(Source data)
↓↓↓

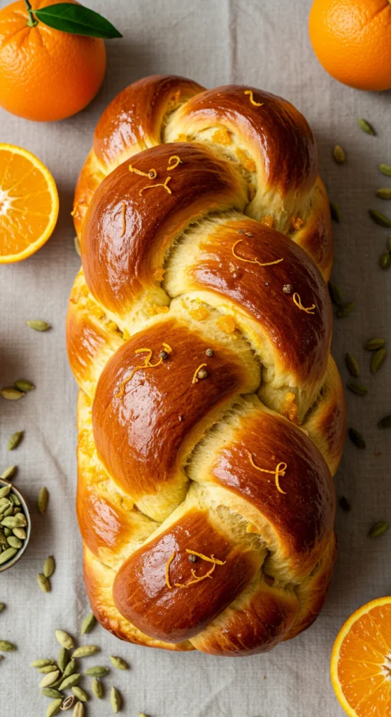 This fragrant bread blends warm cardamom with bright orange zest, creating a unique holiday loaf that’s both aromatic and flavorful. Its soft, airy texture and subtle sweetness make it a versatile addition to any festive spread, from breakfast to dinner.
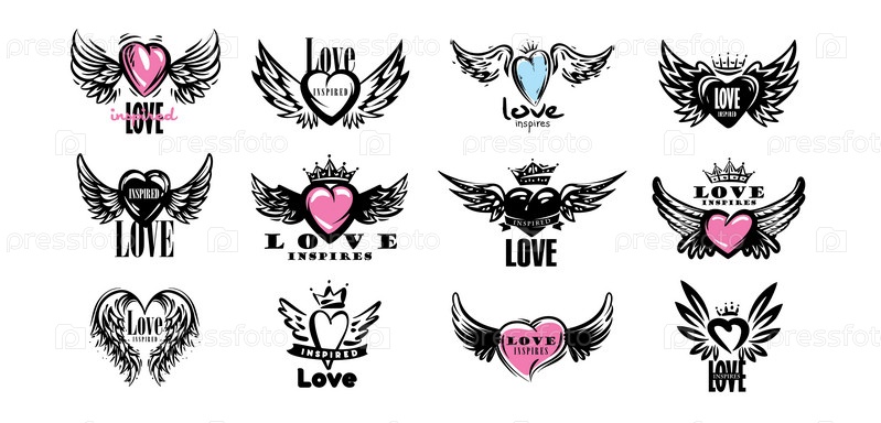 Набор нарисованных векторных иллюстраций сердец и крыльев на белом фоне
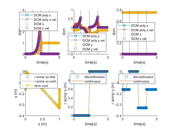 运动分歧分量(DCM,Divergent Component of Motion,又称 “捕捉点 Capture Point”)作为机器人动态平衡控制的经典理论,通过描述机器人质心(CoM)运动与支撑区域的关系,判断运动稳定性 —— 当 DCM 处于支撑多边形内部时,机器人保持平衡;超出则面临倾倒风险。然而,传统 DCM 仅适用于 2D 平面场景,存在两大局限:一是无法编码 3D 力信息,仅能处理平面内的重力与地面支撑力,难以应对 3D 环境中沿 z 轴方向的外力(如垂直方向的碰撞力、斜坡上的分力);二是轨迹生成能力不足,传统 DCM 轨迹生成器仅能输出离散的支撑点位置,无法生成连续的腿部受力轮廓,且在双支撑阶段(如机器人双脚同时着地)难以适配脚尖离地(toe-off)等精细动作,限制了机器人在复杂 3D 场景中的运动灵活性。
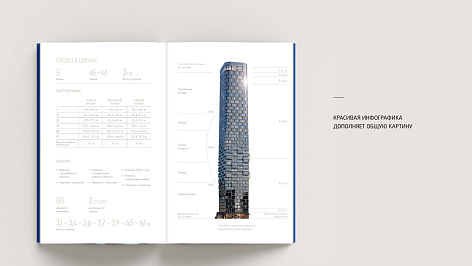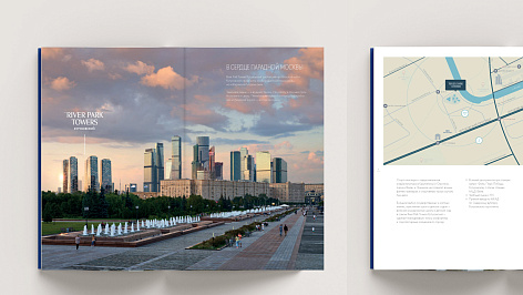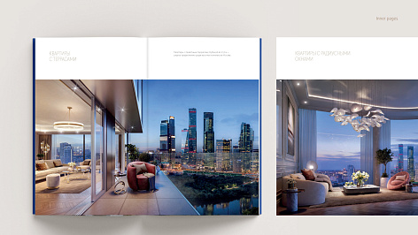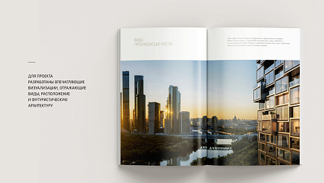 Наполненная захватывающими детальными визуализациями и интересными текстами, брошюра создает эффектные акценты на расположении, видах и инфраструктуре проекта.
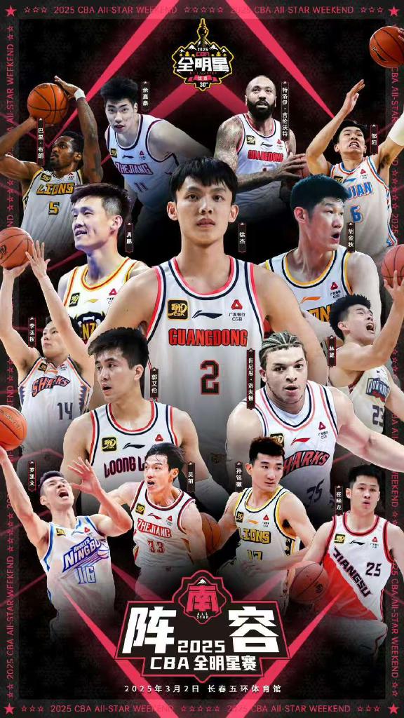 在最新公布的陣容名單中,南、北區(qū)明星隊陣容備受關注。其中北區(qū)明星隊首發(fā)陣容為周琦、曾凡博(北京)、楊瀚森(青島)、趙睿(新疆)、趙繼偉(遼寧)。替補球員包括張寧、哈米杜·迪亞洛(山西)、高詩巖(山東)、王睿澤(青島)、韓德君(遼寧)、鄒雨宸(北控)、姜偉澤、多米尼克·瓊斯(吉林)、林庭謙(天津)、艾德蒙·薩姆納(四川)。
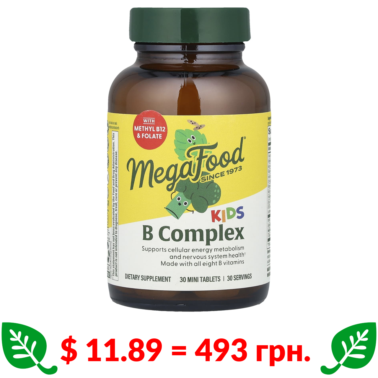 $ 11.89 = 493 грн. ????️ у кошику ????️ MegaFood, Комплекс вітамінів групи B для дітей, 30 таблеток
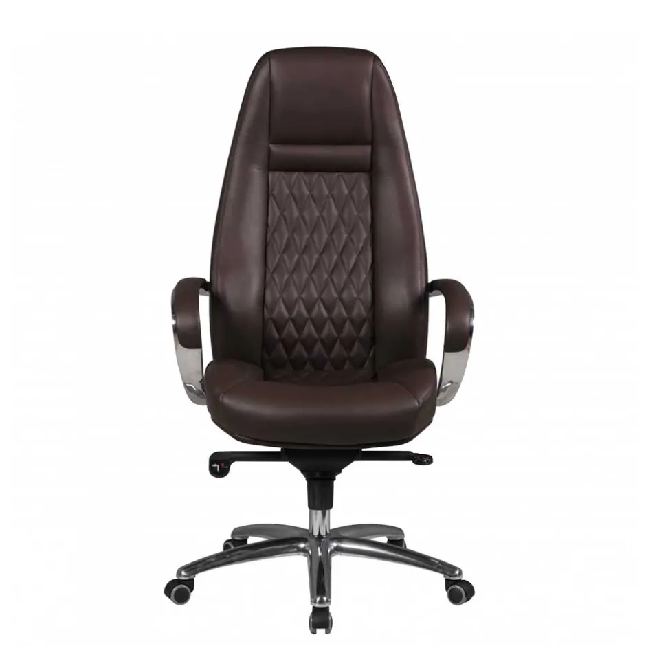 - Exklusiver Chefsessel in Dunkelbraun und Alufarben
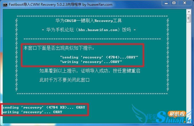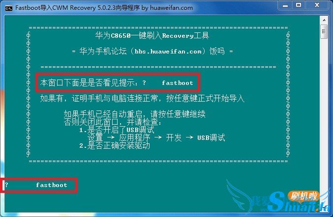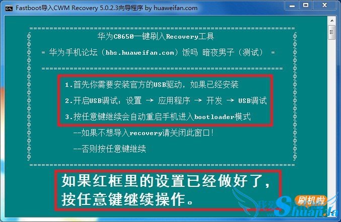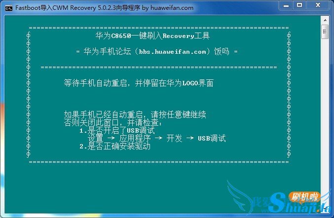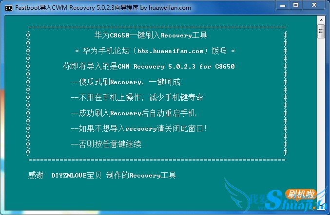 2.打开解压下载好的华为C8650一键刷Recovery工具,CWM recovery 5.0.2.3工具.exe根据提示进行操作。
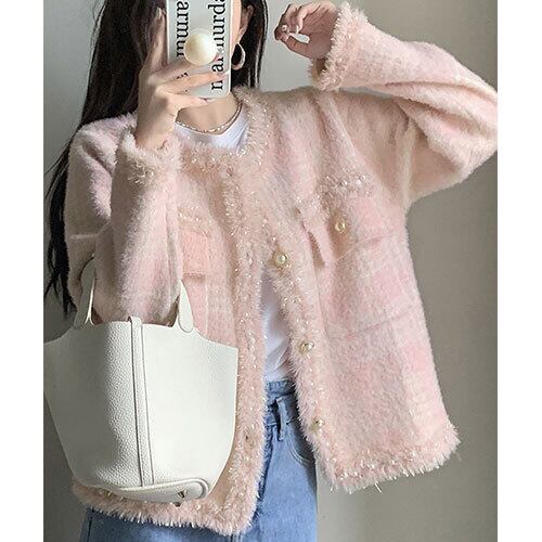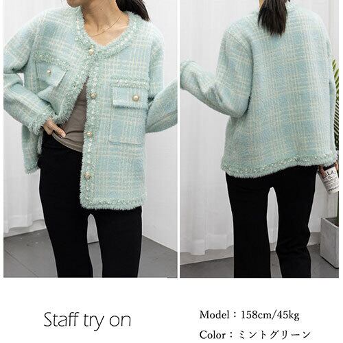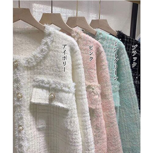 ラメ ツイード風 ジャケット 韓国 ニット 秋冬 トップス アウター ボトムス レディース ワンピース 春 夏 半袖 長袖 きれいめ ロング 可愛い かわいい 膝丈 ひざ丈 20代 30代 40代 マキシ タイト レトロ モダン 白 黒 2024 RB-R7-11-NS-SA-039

↑↑↑

**TASK PROMPT:**
Set down word for word every line from the line containing "- Exklusiver Chefsessel" through the last line of the entries, and nothing more; no pictures.

**RESULT FOR THIS TASK:**
 - Exklusiver Chefsessel in Dunkelbraun und Alufarben
 2.打开解压下载好的华为C8650一键刷Recovery工具,CWM recovery 5.0.2.3工具.exe根据提示进行操作。
 ラメ ツイード風 ジャケット 韓国 ニット 秋冬 トップス アウター ボトムス レディース ワンピース 春 夏 半袖 長袖 きれいめ ロング 可愛い かわいい 膝丈 ひざ丈 20代 30代 40代 マキシ タイト レトロ モダン 白 黒 2024 RB-R7-11-NS-SA-039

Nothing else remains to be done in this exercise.